We can stand on these Benches and argue between ourselves as to what “financial” does or does not embrace —I can bore you with 30 years of experience and what legal guidance I have had as a trustee—but that does not matter. We have an uncertainty; we are resting on a government statement that it is not uncertain, but we are already uncertain as to whether it includes impact. We could simply address the issue and put “financial risk” as one of the explicit considerations that need not necessarily fall foul of the Bill. I have not heard a single good reason today why such a simple tweak could not address this issue. I have had wider discussions on a whole range of things. It is not only me but people I have spoken to—who will be engaged in decision-making—who believe it opens up the range for judicial review and legal challenge, and feel it has legal uncertainty. It seems to be good sense, when you are looking at a fund of £360 billion, that when those concerns are expressed, you address them.

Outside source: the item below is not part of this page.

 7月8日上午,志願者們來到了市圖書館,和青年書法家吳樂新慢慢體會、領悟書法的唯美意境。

The Bill creates a whole new machinery that allows the checking of the integrity of local government pension scheme investment decisions against a new set of criteria. That has opened up new grounds for judicial review and given opportunities or succour to possibly bad-faith actors. Legal proceedings could demand to know all the details of exchanges and engagement in discharging stewardship duties, to see whether an investment decision fell within an accepted category. In a £360 billion local government pension scheme, I would want to nail that. If I was a government department and was going to introduce that machinery—which suddenly introduces a whole new set of criteria for investment decisions—I would want to nail down the range of areas under which local government pension scheme decision-makers could be attacked.

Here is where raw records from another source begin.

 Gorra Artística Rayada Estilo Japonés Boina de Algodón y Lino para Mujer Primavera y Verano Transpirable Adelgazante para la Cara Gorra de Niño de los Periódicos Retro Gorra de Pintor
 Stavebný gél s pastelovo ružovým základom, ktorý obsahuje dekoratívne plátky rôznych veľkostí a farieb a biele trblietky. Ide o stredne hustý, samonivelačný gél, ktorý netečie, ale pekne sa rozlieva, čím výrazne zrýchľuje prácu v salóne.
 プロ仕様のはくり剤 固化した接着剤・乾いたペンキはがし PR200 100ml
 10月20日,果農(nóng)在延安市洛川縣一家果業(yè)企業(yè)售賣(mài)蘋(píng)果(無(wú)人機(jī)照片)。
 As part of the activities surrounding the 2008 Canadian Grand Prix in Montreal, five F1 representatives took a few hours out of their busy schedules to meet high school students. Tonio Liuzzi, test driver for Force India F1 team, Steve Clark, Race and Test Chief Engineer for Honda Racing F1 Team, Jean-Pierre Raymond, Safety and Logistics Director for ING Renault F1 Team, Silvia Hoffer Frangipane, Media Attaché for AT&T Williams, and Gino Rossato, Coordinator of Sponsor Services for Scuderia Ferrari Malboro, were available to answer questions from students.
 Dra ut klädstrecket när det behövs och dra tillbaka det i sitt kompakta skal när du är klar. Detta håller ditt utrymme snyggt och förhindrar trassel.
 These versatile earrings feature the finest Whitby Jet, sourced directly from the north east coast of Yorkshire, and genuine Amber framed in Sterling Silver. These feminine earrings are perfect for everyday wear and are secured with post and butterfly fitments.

There is uncertainty. I quote from the Financial Markets Law Committee report, which the Government have endorsed and think is a good idea. It says that
“investment decisions have all become more challenging in the context of sustainability and the subject of climate change … Today it is sometimes easier to state the duties than it is to apply them”.
Well, the Bill makes it even more difficult to apply them. It brings a whole new range of criteria and invites legal uncertainty at the same time, because we cannot agree on the definition of “financial value”, but if we added a tweak, such as risk and impact, we could nail some of this. As has been said, why can we not just lock it down and get rid of some of this uncertainty?
We have some guidance on impact. I cannot bring every reference document that I would bring to the table if I was sitting in a negotiating room, but we have very new guidance from the DWP, on its website, on social factors and the impact. These are not the only factors, but it gives a meaning to “impact”:
“the impact of social factors on an investment”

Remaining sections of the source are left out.